The previous studies conducted to estimate the cytotoxic activity of C. arvensis showed that, the chloroform extract of C. arvensis exhibited a cytotoxic impact akin to taxol when tested on Hela cells (15 vs. 12 µg/ml). This heightened cytotoxicity from the chloroform extract might be due to the extraction of lipophilic glycosides by chloroform, which are non-polar compounds [31]. Moreover, anti-bacterial, anti-cancer and toxic activities of C. arvensis, C. austro-aegyptiacus and C. pilosellifolius extracts were tested against clinical samples, various cell types, and specific lab animals. Notably, C. austro-aegyptiacus displayed significant antimicrobial action. In comparison to vinblastine sulphate’s anti-tumor activity (30.3 ± 1.4) against CACO (colorectal carcinoma), both C. arvensis and C. pilosellifolius presented anti-tumor effects of (6.1 ± 03) and (16.4 ± 0.3), respectively [52]. Additionally, C. arvensis’s EtOH extract had a strong cytotoxic effect on the cancer cell line Jurkat lymphoblastic leukaemia cells. Moreover, at lower extract doses, apoptotic effects were observed, while necrotic outcomes were prominent at higher concentrations [32].
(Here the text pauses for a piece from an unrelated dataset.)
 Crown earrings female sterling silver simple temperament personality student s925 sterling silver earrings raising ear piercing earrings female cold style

In this study, it was observed that the MeOH extract and n-BuOH fraction of C. arvensis and their loaded Alg-Cs/NPs have admirable anti-cancer activity compared to the standard drug doxorubicin. Also, the encapsulation of both the MeOH ext. and n-BuOH fr. of C. arvensis has enhanced their anti- cancer activity and lowered the IC50 from 153.7and 141.1 µg/ml for methanolic and n-BuOH extracts to 93.11and 86.54 µg/ml, alternatively. Moreover, the encapsulation of the MeOH ext. and n-BuOH fraction thought Alg-Cs/NPs has enhanced the safety of C. arvensis on normal cells and actually increased the viability of Vero cell lines by 10%.
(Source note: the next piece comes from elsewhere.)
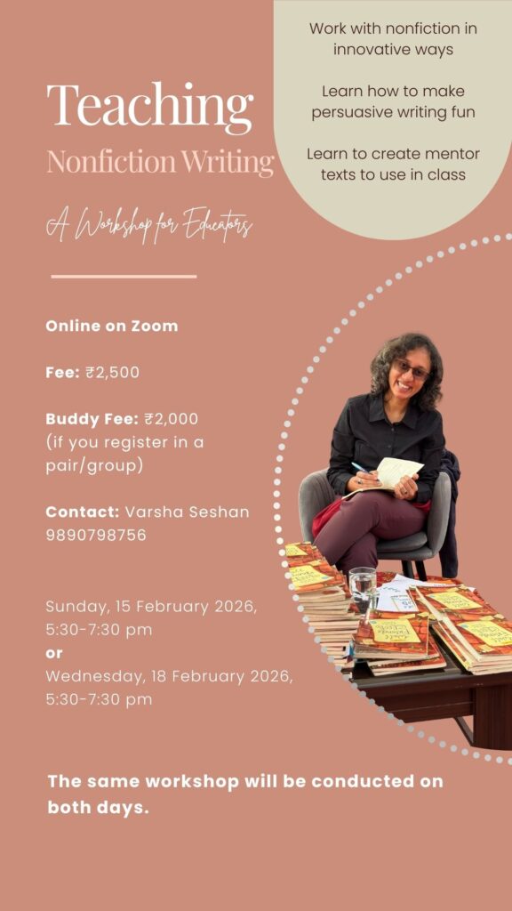 I’ve been conducting teacher training workshops since 2015! In August 2025, for the first time, I conducted an independent online workshop on teaching creative writing. I was overwhelmed by the response! There’s been no looking back, and I hope to conduct one every couple of months.

The findings align with prior research demonstrating the anti-microbial properties of C. arvensis against both gram-positive and gram-negative bacteria [19, 55, 61]. The assessment of anti-microbial efficacy was performed on clinically relevant pathogenic bacteria (E. coli and S. aureus) by using MICs tests and disc diffusion. Nearly the same inhibition zone (22 ± 0.82 mm) against S. aureus compared to 21.35 ± 0.76 mm. Furthermore, the encapsulation of the aqueous and ethanolic extracts thought Alg-Cs/NPs enhanced the anti-microbial effects of C. arvensis and actually decreased the MIC from 31.25 to 7.78 bacteria.

The treatment’s effectiveness and cellular absorption can be significantly impacted by the size, shape, and surface chemistry of NPs revealed that the obtained C. arvensis- Alg/Cs-NPs had a suitable size for use in therapeutic applications and could be useful for the treatment of liver cancers [62].